I’d go for cc1 after split-file file first. I don’t think reimplementing split-file in Clang is a good idea, unless there are compelling reasons to do that.

This was also a concern I had shared with Vlad. Ideally, we’d only need to split out some tests into their own files, but the trouble is: the DR tests are structured in such a way that it’s not easy to tell when the test is missing diagnostics due to unrelated prior failures. Adding some sort of mode to the compiler to work around this would be possible, but then we’re not actually testing what our users run, so it’s not ideal either.

Our test suite is not based on code coverage, so we have a lot of test cases that add to the overhead for potentially little value. However, “tests are really slow to run” is not a reason to have less (accurate) test coverage. If we have to pick between two poisons, I think we should err on the side of too many/slow tests over too few/fast because quality issues will always impact users more than a slow test suite will. That said, we should certainly be trying to optimize our test suite so that developing Clang is less painful as well – but I think those efforts should be put towards making Clang run faster, as we have no control over process creation time and improvements to -cc1 or test infrastructure mostly only helps ourselves (which isn’t bad, but if we’re spending scarce QA resources, we should put them to the best use we can).

Multiple compilations from -cc1 might be a good idea (I believe the driver can take advantage of that as well, which reduces compile times for users), but I don’t think having Clang do the splitting itself is worth it unless we can find a reasonable user-facing feature enabled by the new functionality.

Perhaps we should consider splitting our tests up more? We could consider moving DRs to llvm-test-suite – it gets tested in post-commit CI so there’s still benefit to having the tests, though we’d lose local testing for most folks which could mean somewhat more post-commit reverts. Alternatively, we could consider adding testing “profiles” to lit so that you can smoke test an abbreviated set of tests or run the full set of in-tree tests, which leaves it to the developer to decide how much compute time they want to spend on testing – we’d have to figure out a policy as to what tests go into which profile.

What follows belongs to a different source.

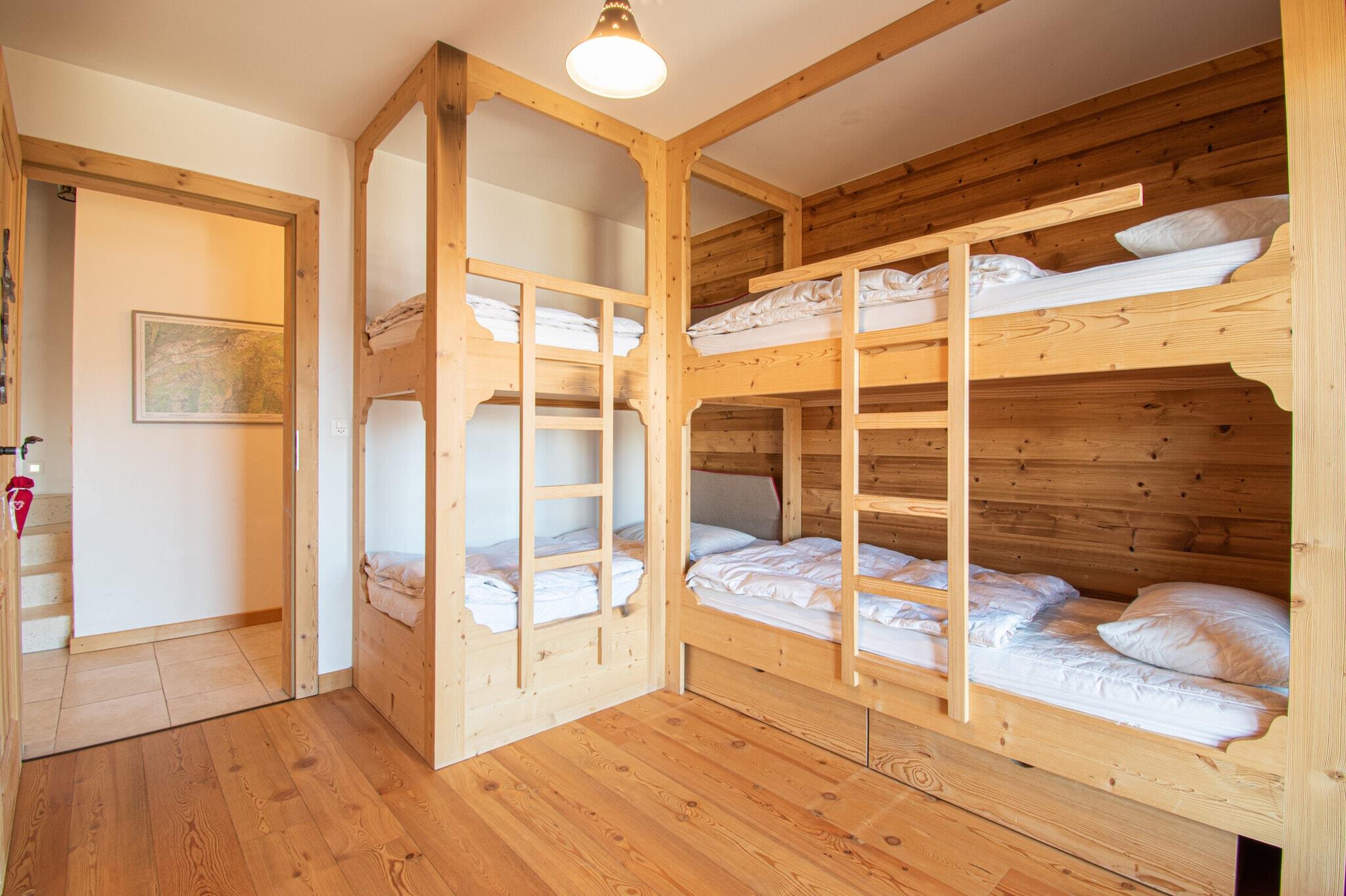 CHALET HIRONDELLE - JACUZZI & LUKSUS Bo i denne autentiske hytte i Veysonnaz, Schweiz, perfekt til familier. Plads til op til 12 gæster. FUNKTIONER • Faciliteter: Terrasse, pejs, have, udsigt over dalen, Jacuzzi • Størrelse: 170 m², 5-stjernet hytte DIN OVERNATNING • Opholdsstue: Rummelig stue og spisestue, fuldt udstyret åbent køkken, kabel-tv • Soveværelser: o Soveværelse 1: 2 køjesenge (90x200 cm) til 4 gæster o Soveværelse 2: Dobbeltseng (160x200 cm) o Soveværelse 3: Dobbeltseng (160x200 cm) o Soveværelse 4: Master med dobbeltseng (160x200 cm), sofa, skrivebord o Soveværelse 5: 2 enkeltsenge (90x200 cm) til børn • Badeværelser: 1 separat toilet, 1 brusebad, 1 badeværelse med bruser og badekar • Udvendig: Stor balkon, terrasse med jacuzzi (4 sæder), udsigt over dalen • Faciliteter: Vaskerum og skirum i stueetagen, garage til 1 bil BELIGGENHED • Ved siden af Mayens pist • Gondol: 1,4 km • Butikker og fritid: 2 km YDERLIGERE OMKOSTNINGER • Sengelinned og håndklæder • Slutrengøring • Turistskat • Depositum under opholdet frigives inden for en måned efter afrejse ALPVISIONSFORDELE • Adgang til offentlig swimmingpool (sommer/vinter) • Sun&Fun aktivitetsprogram (sommer) • Rabat på op til 50% på leje af udstyr VALGFRIE TJENESTER (ekstra gebyr) • Redde senge ved ankomsten, håndklæder og toiletartikler • Gourmetkurv, babyudstyr, sen udtjekning ALPVISION RESIDENCES Skaber autentiske ophold i de schweiziske og franske alper i over 20 år. Lad os hjælpe dig med at skabe uforglemmelige minder!

Not just that, but it requires a clear guideline which test go to which repository. I believe trying to decide that “on case-by-case basis” and “at reviewer discretion” would make it unpredictable for others to figure out where to search for a particular kind of test, not to mention it will add up to the list of things for reviewers to think about.

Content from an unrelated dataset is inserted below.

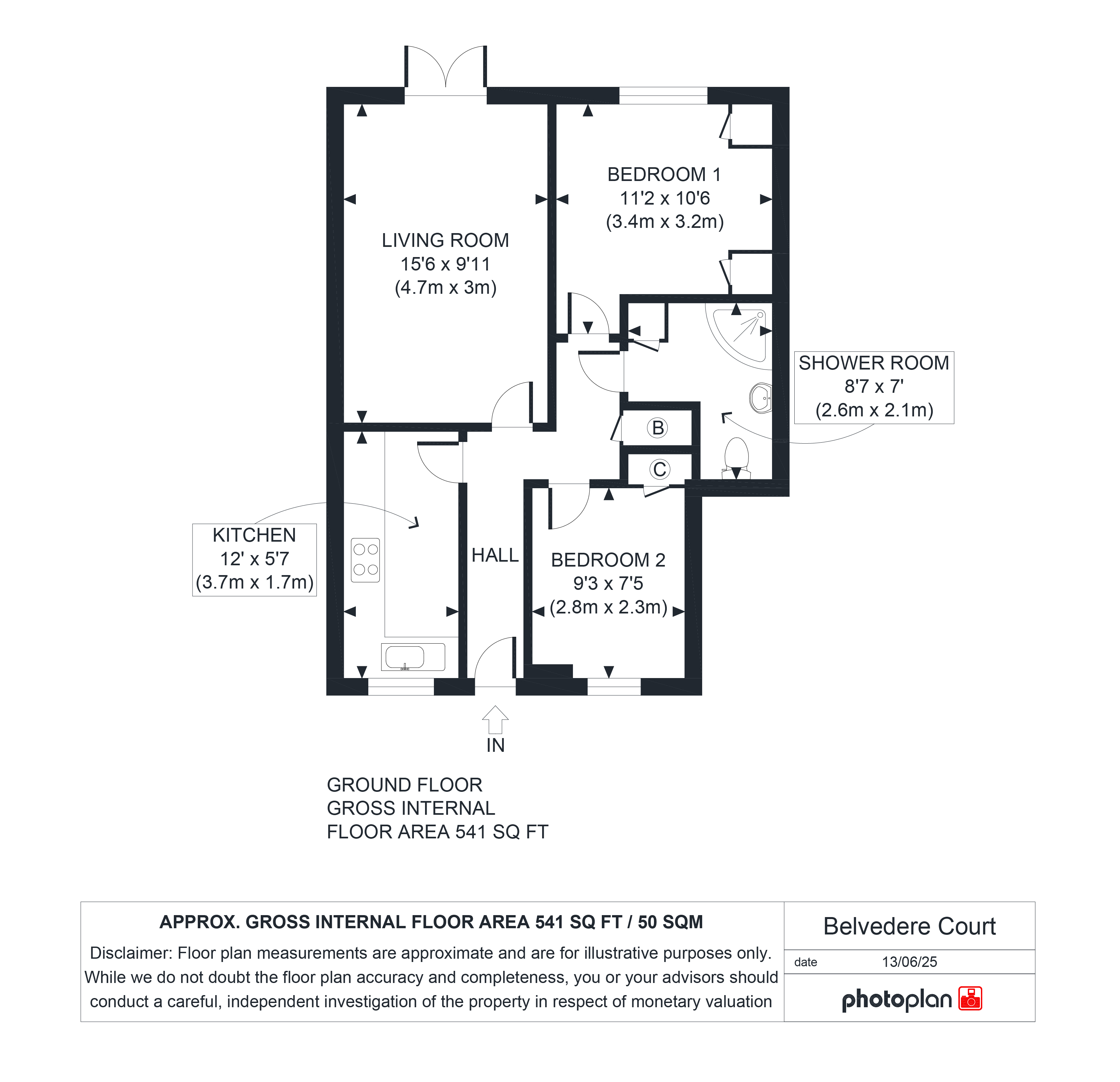 The principal bedroom is a spacious double with excellent built-in wardrobes, and the second bedroom offers versatility as a single bedroom, study or creative space. A well-appointed shower room includes a modern curved enclosure, vanity unit and chrome towel rail.

At the end of the day, it’s more or less kicking the can down the road, because at some point complains about llvm-test-suite being too slow would arise as well (if they haven’t already).

We already have a set of check-* targets that allows you to run only the subset of tests, and it doesn’t require people to learn new policies to understand which tests they are running, because it’s directory-based. Why can’t we leverage that?

Can you expand on how that could affect test isolation when compared to separate processes?